**What to work on:**
Go through the listing below and write out exactly the lines from the one that mentions "Берём спелую, сочную" through the one that mentions "- Cut carrots", minus the pictures.

**Data for the task:**
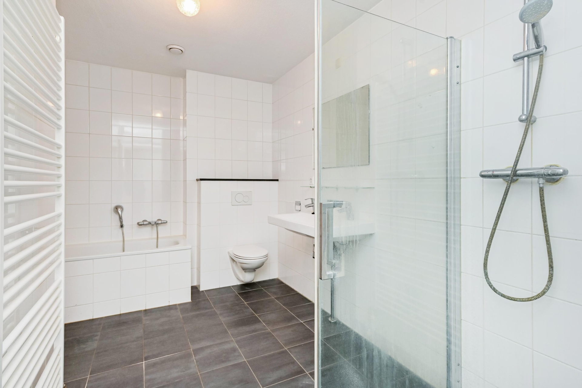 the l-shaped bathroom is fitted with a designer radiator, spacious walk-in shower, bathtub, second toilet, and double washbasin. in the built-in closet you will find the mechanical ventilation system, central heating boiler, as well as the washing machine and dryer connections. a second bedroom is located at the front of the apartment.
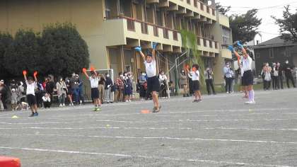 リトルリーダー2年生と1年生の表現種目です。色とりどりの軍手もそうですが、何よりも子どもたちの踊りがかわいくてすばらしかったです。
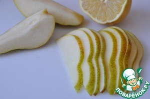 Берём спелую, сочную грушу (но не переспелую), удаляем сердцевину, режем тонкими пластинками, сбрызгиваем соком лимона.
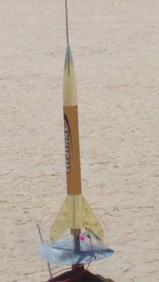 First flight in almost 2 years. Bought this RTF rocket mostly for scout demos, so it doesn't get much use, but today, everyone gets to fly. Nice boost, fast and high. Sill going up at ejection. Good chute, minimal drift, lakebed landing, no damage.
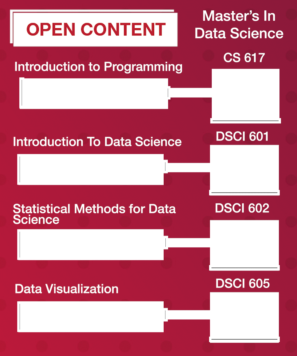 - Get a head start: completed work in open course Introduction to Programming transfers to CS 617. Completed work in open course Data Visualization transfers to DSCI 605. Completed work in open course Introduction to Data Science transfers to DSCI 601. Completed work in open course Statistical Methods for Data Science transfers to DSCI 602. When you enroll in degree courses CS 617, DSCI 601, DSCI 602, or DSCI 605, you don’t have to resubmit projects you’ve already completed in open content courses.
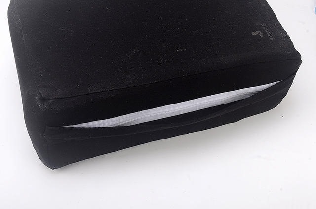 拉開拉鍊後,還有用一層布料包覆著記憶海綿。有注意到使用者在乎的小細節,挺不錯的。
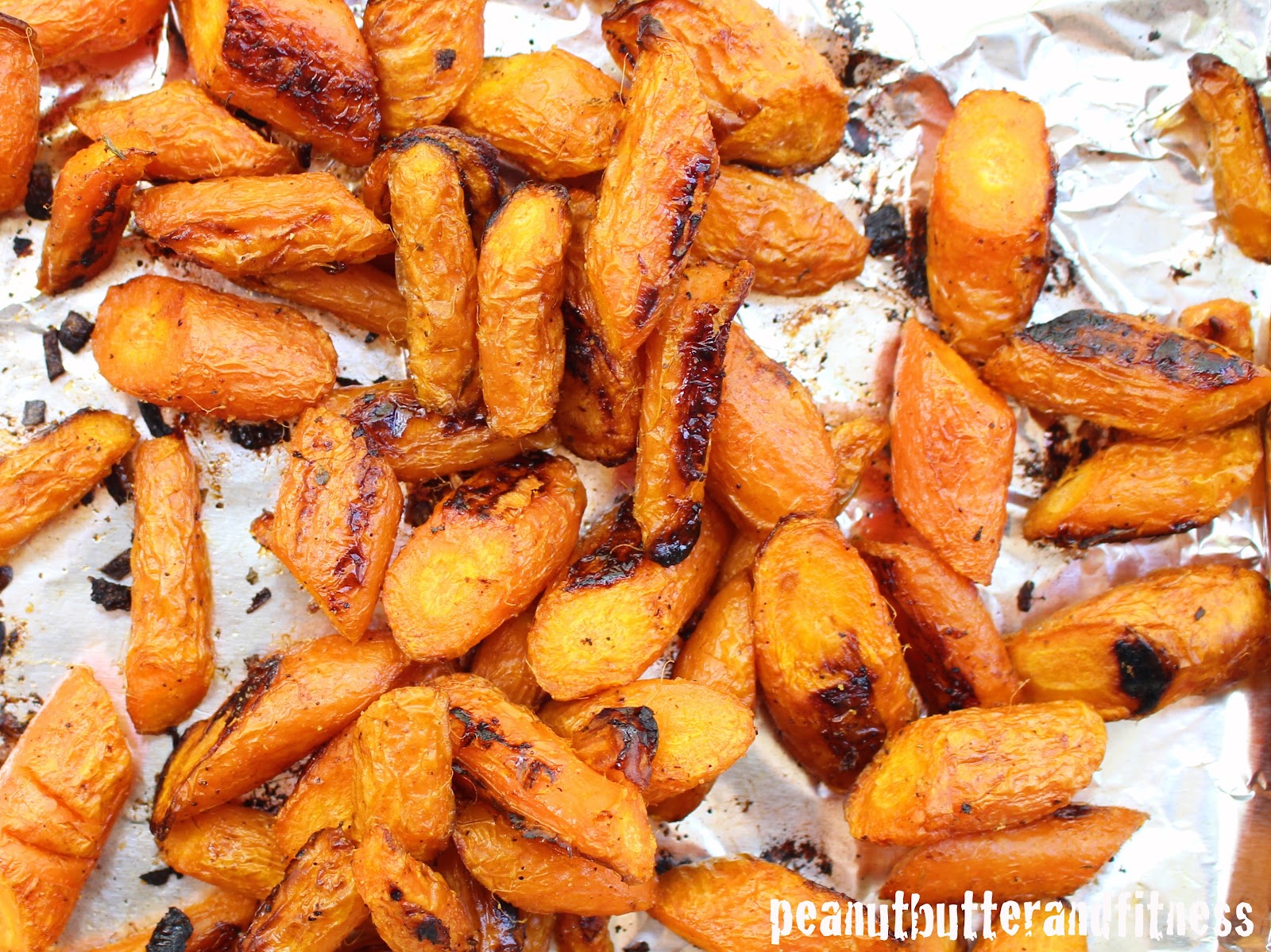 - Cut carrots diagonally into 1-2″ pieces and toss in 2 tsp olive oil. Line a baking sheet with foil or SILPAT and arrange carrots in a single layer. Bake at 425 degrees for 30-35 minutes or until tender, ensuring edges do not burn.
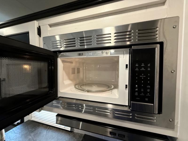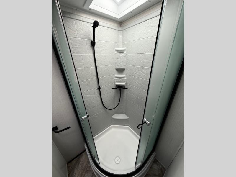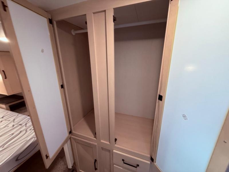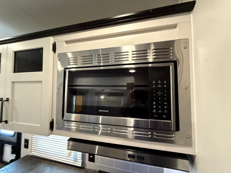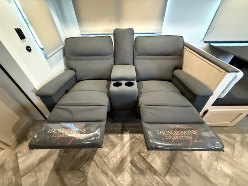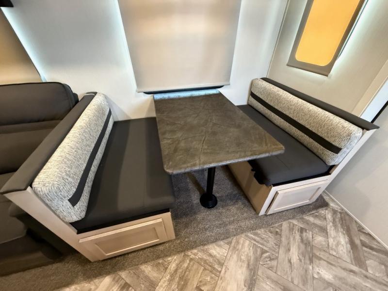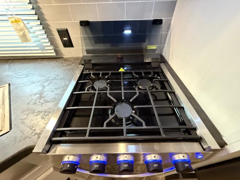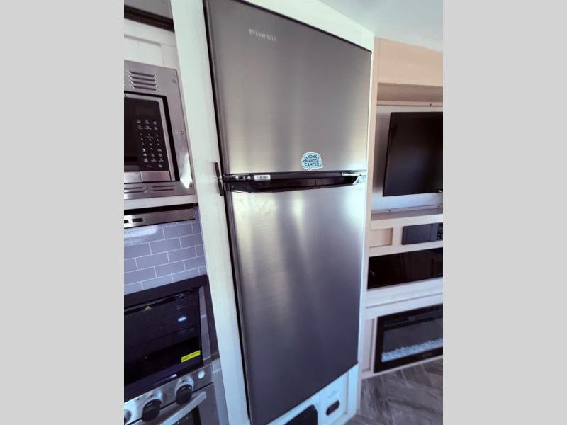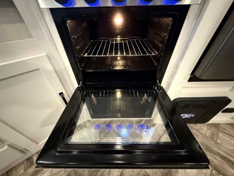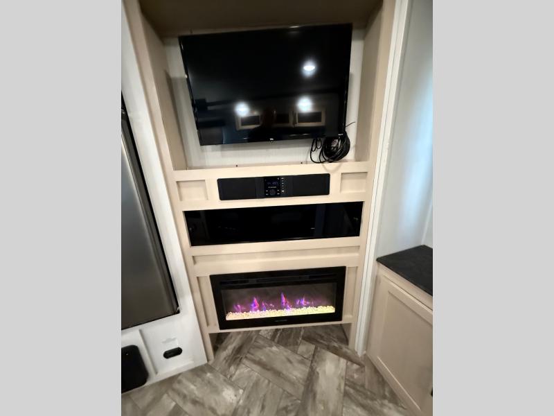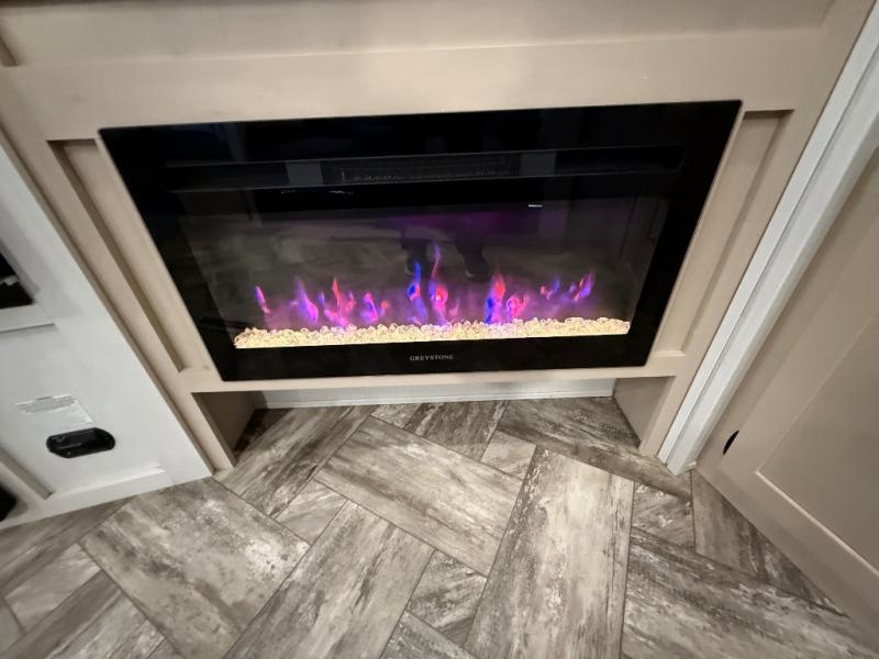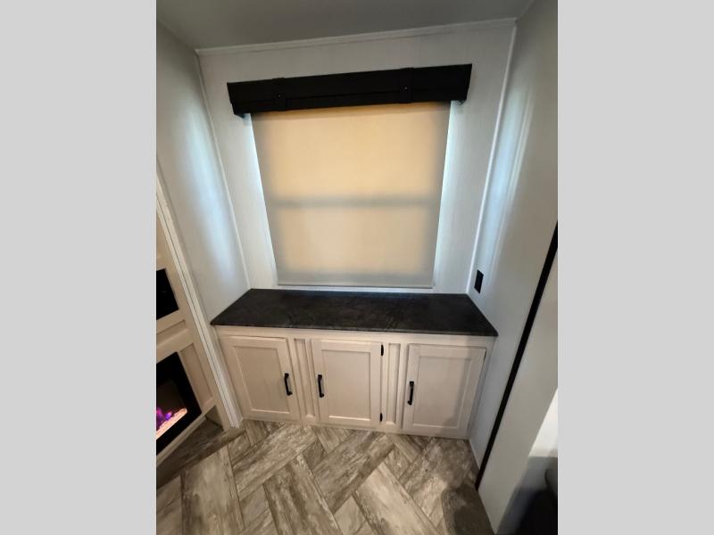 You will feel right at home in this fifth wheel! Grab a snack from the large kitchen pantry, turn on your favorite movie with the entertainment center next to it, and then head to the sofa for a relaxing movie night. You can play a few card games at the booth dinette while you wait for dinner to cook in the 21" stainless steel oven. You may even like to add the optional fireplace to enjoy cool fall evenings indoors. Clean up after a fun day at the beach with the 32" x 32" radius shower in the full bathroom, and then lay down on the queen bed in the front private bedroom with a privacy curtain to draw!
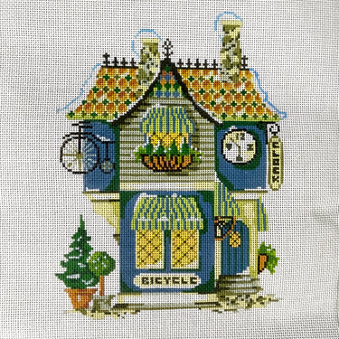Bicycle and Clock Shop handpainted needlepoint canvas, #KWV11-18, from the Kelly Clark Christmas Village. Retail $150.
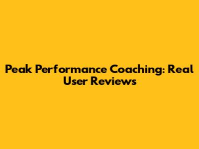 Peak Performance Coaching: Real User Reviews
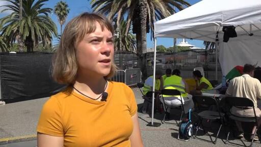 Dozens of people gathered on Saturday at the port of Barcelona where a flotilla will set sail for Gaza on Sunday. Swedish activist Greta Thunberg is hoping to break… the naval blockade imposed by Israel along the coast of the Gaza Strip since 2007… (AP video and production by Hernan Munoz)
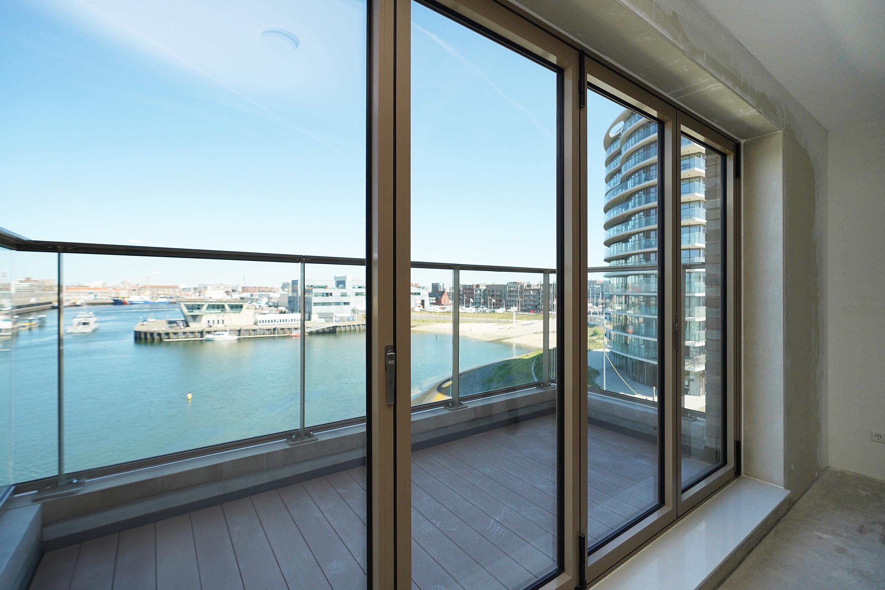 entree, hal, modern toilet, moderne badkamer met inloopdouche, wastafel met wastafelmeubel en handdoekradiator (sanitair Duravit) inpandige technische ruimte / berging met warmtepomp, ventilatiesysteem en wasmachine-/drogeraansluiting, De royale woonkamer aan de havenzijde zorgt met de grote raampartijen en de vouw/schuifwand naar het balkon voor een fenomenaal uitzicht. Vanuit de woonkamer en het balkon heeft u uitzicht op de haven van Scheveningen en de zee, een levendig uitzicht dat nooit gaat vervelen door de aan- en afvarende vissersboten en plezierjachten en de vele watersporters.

**Task response:**
 Берём спелую, сочную грушу (но не переспелую), удаляем сердцевину, режем тонкими пластинками, сбрызгиваем соком лимона.
 First flight in almost 2 years. Bought this RTF rocket mostly for scout demos, so it doesn't get much use, but today, everyone gets to fly. Nice boost, fast and high. Sill going up at ejection. Good chute, minimal drift, lakebed landing, no damage.
 - Get a head start: completed work in open course Introduction to Programming transfers to CS 617. Completed work in open course Data Visualization transfers to DSCI 605. Completed work in open course Introduction to Data Science transfers to DSCI 601. Completed work in open course Statistical Methods for Data Science transfers to DSCI 602. When you enroll in degree courses CS 617, DSCI 601, DSCI 602, or DSCI 605, you don’t have to resubmit projects you’ve already completed in open content courses.
 拉開拉鍊後,還有用一層布料包覆著記憶海綿。有注意到使用者在乎的小細節,挺不錯的。
 - Cut carrots diagonally into 1-2″ pieces and toss in 2 tsp olive oil. Line a baking sheet with foil or SILPAT and arrange carrots in a single layer. Bake at 425 degrees for 30-35 minutes or until tender, ensuring edges do not burn.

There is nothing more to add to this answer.